Pieter Barnardt, MB ChB, Dip Oncol
Medical Imaging and Clinical Oncology, Tygerberg Hospital, Tygerberg, W Cape
Dylan Narinesingh, MD, FC Rad Onc
Trinidad San Fernando General Hospital, Trinidad
Primary extranodal lymphoma of the breast is rare and accounts for 0.04 - 0.53% of all malignant tumours, less than 1% of non-Hodgkin’s lymphomas (NHLs) and 1.7% of extranodal NHLs.1 Extranodal lymphoma arises from tissue other than lymph nodes and sites that normally contain no lymphoid tissue. This case describes the clinical and treatment dilemma posed by extranodal presentation in an AIDS-NHL patient.
A 40-year-old woman presented with a history of a painful left axillary mass that had progressively increased in size. She reported symptoms of night sweats and weight loss. Physical examination revealed a 17×13 cm left axillary nodal mass. Her left breast had the clinical appearance of mastitis. Abnormal laboratory studies revealed elevated serum uric acid (0.50 mmol/l, normal 0.15 - 0.35 mmol/l) and lactate dehydrogenase (1 009 U/l, normal 100 - 190 U/l) levels. An enzyme-linked immunosorbent assay was positive and the initial CD4+ count was 435 cells/μml. Microscopic examination of the lymph node mass confirmed a diffuse large B-cell lymphoma (DLBCL). Bone marrow aspiration and biopsy demonstrated no evidence of infiltration by lymphoma. Cerebrospinal fluid (CSF) examination was negative for lymphoma infiltration. Both the CSF cryptococcus Indian ink and latex tests were negative, but a positive Varicella zoster polymerase chain reaction (PCR) test was reported.

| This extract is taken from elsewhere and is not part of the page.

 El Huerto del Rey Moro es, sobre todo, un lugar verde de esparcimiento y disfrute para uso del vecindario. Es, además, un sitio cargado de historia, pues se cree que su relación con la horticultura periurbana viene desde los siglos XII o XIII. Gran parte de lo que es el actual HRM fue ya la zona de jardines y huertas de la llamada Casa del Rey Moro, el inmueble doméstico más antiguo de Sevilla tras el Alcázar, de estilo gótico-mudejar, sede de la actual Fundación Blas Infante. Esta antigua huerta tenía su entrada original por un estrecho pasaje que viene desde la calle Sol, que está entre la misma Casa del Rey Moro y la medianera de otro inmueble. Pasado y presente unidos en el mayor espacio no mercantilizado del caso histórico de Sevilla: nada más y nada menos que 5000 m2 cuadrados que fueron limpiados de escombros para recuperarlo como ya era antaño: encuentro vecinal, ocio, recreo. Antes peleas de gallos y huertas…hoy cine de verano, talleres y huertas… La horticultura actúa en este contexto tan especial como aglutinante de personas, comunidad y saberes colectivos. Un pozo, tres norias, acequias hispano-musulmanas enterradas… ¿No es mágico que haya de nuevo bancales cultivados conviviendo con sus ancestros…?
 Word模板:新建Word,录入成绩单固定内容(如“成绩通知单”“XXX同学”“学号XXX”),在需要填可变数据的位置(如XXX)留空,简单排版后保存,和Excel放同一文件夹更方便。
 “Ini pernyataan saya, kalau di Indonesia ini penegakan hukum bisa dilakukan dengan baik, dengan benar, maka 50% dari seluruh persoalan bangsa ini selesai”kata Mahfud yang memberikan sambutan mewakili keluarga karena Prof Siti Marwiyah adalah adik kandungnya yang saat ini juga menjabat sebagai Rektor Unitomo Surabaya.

A mammogram was not feasible owing to painful ulceration of the breast mass. A computed tomography (CT) scan of the thorax and abdomen revealed a 5 cm lymphoid nodal mass in the left axilla and a 3.4 cm left supraclavicular lymph node. A gallium scan was consistent with uptake in an area overlying the left breast, anterior chest wall and markedly enlarged left axillary lymph nodes. Normal gallium biodistribution was seen in the rest of the body (Fig. 1). The case was considered to be a stage IIbE AIDS-NHL.
The standard CHOP regimen consisting of cyclophosphamide 750 mg/m2 , doxorubicin 50 mg/m2 and vincristine 1.4 mg/m2 on day 1 and prednisone 60 mg/day on days 1 - 5 every 3 weeks was started. She completed 3 cycles without significant toxicity but then presented with clinical progression. The left axillary lymph node and breast mass had the appearance of breast cancer with erythema, oedema and nipple retraction. A solid mass was palpable within the breast with associated skin ulceration and multiple cutaneous nodules over the left infra-clavicular region (Fig. 2).

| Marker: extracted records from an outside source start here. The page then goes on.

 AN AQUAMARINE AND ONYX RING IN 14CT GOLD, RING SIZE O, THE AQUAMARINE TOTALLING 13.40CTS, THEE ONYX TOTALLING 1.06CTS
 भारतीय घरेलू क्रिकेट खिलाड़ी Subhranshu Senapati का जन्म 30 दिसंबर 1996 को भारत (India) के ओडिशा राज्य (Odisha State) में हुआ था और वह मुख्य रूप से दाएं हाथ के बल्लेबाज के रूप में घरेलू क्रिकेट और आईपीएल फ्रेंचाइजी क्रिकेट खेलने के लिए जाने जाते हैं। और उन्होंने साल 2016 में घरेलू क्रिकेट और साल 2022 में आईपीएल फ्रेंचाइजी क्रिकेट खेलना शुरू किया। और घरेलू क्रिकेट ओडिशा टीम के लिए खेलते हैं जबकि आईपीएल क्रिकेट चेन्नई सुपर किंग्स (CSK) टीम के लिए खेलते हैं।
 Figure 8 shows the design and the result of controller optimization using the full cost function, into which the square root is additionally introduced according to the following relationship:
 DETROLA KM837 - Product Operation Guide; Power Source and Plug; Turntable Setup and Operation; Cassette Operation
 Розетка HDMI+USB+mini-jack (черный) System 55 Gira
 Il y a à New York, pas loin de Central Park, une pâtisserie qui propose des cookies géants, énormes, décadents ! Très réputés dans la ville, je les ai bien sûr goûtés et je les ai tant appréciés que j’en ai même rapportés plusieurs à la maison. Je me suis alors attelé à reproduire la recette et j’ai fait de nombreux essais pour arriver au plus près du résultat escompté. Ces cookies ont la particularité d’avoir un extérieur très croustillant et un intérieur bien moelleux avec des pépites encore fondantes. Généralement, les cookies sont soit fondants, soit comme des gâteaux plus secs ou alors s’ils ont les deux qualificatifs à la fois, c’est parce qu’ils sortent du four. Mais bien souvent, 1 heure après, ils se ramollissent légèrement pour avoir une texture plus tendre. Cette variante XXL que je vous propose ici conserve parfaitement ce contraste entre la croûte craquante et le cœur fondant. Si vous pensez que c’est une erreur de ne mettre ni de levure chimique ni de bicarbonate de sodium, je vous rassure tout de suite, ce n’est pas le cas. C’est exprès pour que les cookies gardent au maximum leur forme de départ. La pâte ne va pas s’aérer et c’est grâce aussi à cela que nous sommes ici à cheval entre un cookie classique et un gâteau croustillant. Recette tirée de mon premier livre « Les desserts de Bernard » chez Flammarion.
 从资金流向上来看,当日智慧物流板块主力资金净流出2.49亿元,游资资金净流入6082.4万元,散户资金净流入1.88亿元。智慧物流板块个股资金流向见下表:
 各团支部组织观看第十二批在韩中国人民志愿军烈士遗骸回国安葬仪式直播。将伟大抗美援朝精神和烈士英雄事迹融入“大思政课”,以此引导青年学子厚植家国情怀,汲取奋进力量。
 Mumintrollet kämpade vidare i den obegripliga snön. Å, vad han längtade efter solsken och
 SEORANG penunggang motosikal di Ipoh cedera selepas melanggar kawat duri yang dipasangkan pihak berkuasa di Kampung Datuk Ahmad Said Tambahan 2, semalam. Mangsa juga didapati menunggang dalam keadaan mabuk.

However, an infection with varicella zoster virus (VZV) was clinically apparent along dermatome T11 and 5 weeks later she reported progressive bilateral lower limb pareses with associated weakening in bladder control. Magnetic resonance imaging (MRI) of the vertebral column showed degenerative changes with no focal spinal cord lesions.

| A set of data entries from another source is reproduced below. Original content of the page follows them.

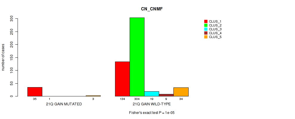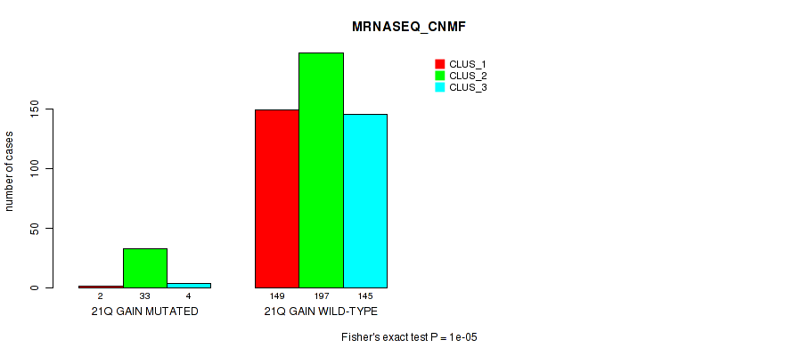 21q gain cnv correlated to 'CN_CNMF', 'METHLYATION_CNMF', 'MRNASEQ_CNMF', 'MRNASEQ_CHIERARCHICAL', 'MIRSEQ_CNMF', 'MIRSEQ_CHIERARCHICAL', and 'MIRSEQ_MATURE_CNMF'.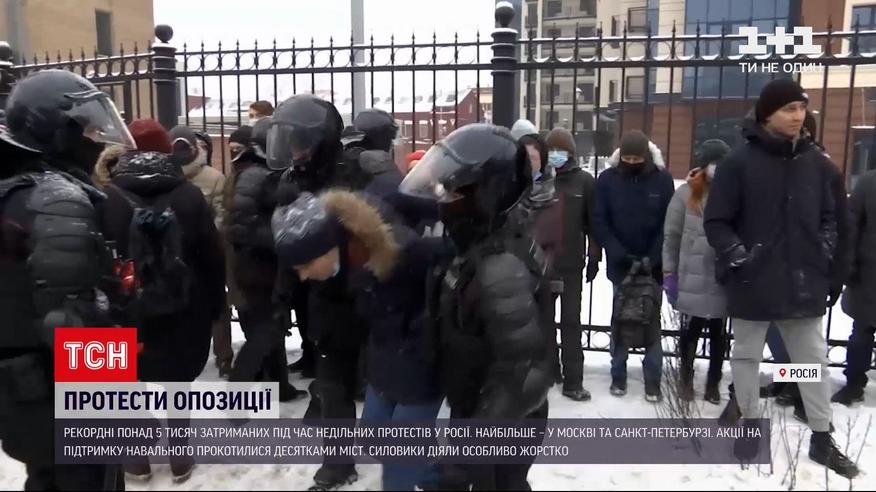 Рекордні понад 5 тисяч затриманих під час недільних протестів у Росії. Найбільше – у Москві та Санкт-Петербурзі. Акції на підтримку опозиціонера Олексія Навального прокотилися десятками російських міст. Під час недільних протестів вперше повністю перекрили центр Москви, а силовики діяли особливо жорстко. ТСН продовжить.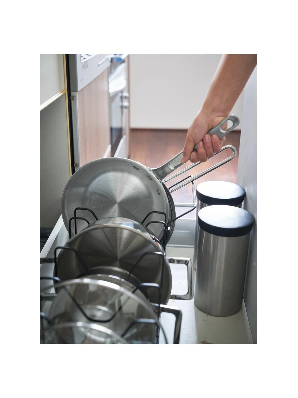 – Ausziehbarer Kochgeschirrhalter mit 10 Trennblättern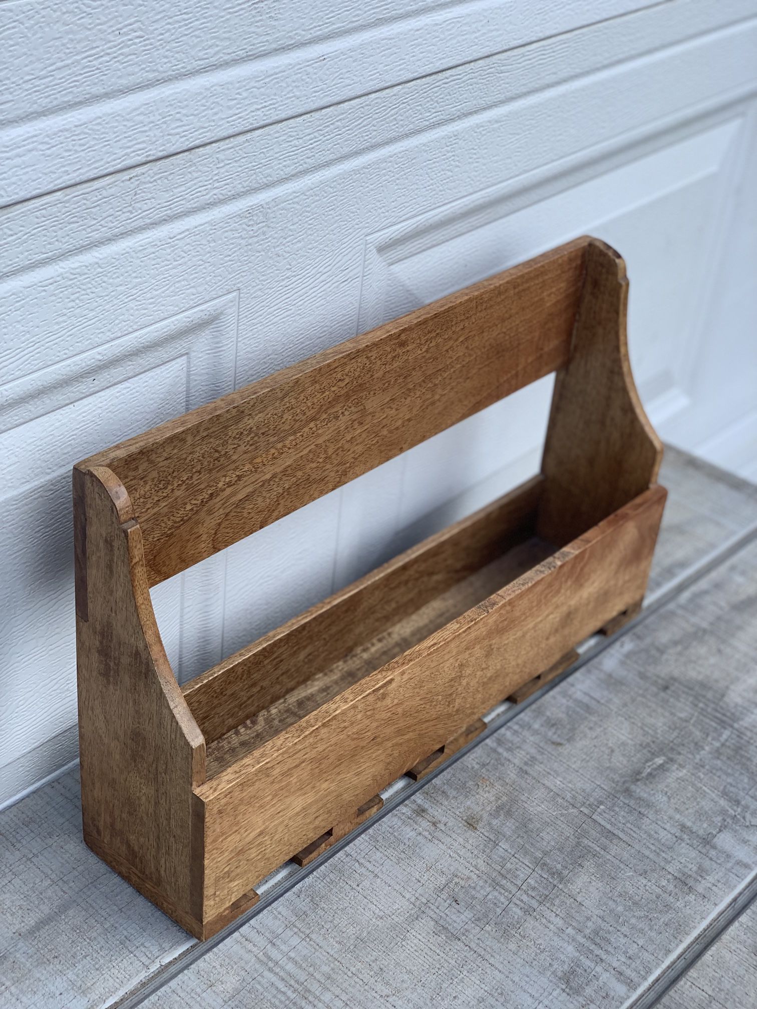 vintage wall-mounted bottle rack made of medium brown stained wood. It has four long stem glass holders and measures 11 inches in height, 4 3/8 inches in length, and 18 1/4 inches in width. The rack is made of solid wood and has a rectangular shape. It is perfect for those who want to display their bottles / jars and glasses in a personalized way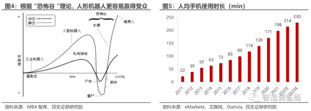 人形机器人较其他服务机器人更容易被人们接受。参照 “恐怖谷效应”,在中等程度偏上的逼真性以前,无论是静态仿真物还是动态仿真物,人们对它的好感程度是随逼真性的提高而增加。也就是说,中等偏上程度的仿真时最受人们欢迎的,最能够赢得受众。而随着逼真性向较高程度增强,人们的好感度会陡然下降。在 “恐怖谷理论 “第一段曲线上升部分,人类与人形机器人更容易产生情感上的交流。人形机器人在外形和行为设计上模仿人类,具有手部、足部、头部和躯干等,容易获得人类好感、亲近感并能满足情感认同。并且它们与人类接近程度越高,被接受和认可的程度就越高,具有人的外形是机器人成为人类伙伴并为人们带来乐趣的非常重要的因数。
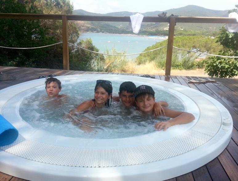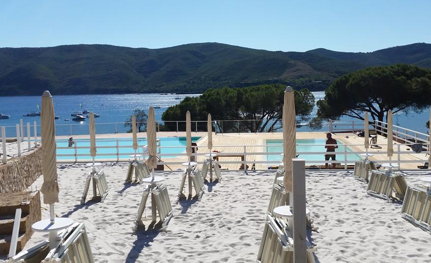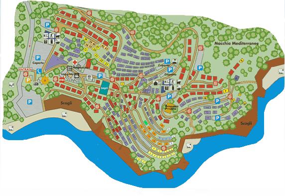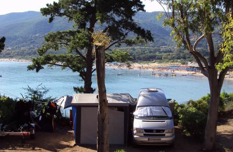 De camping is gebouwd op terrassen, aflopend naar de zee, op loopafstand van het strand van Lacona, dat zeer fijn zand heeft en een van de langste (1.200 meter lang) op Elba is. Het kleinere en meer exclusieve strand van Canata is ook toegankelijk vanaf de camping.

The patient defaulted and returned 8 weeks later reporting that the mass was more painful and larger with newly developed nodular cutaneous lesions of the left breast region. She was given a 4th cycle of CHOP and started concomitant antiretroviral therapy (lamivudine, stavudine and efavirenz). Four weeks later there was no visible change in the axillary and breast mass. The chemotherapeutic regimen was changed to second-line CMV (cyclophosphamide 750 mg/m2 , methotrexate 60 mg/m2 and vincristine 1.2 mg/m2 ). A follow-up review revealed overt clinical progression, as there was an increase in both the size of the breast mass and the number of cutaneous lesions. A clinical oncology consult offered palliative radiotherapy, as she appeared resistant to first- and second-line chemotherapy.
The clinical dilemma was as follows: was this (i) a systemic NHL with extranodal involvement of the left breast; (ii) an overlooked primary breast lymphoma (PBL); or (iii) a misdiagnosed primary breast carcinoma? Before commencement of radiotherapy histological examination therefore again confirmed positivity for CD45 and CD20 lymphoma cells compatible with a DLBCL.
Palliative external beam radiotherapy (EBRT) with cobalt-60, consisting of 2 Gy × 18 fractions (36 Gy), was completed. The clinical target volume was determined by CT scan (Fig. 3). This included the left axillary nodal mass, the immediate lymphatic drainage, the left breast, the remaining left anterior chest wall and the left supra-clavicular region. Treatment was delivered using 8 MV photons with a 1 cm daily bolus.
Before initiation of EBRT the patient started allopurinol 600 mg/d to prevent tumour lysis syndrome. Her CD4+ count was 312 cells/μl, and trimetroprim-sulfamethoxazole as Pneumocystis jiroveci prophylaxis was added mid-course when the CD4+ count decreased to 56 cells/μl.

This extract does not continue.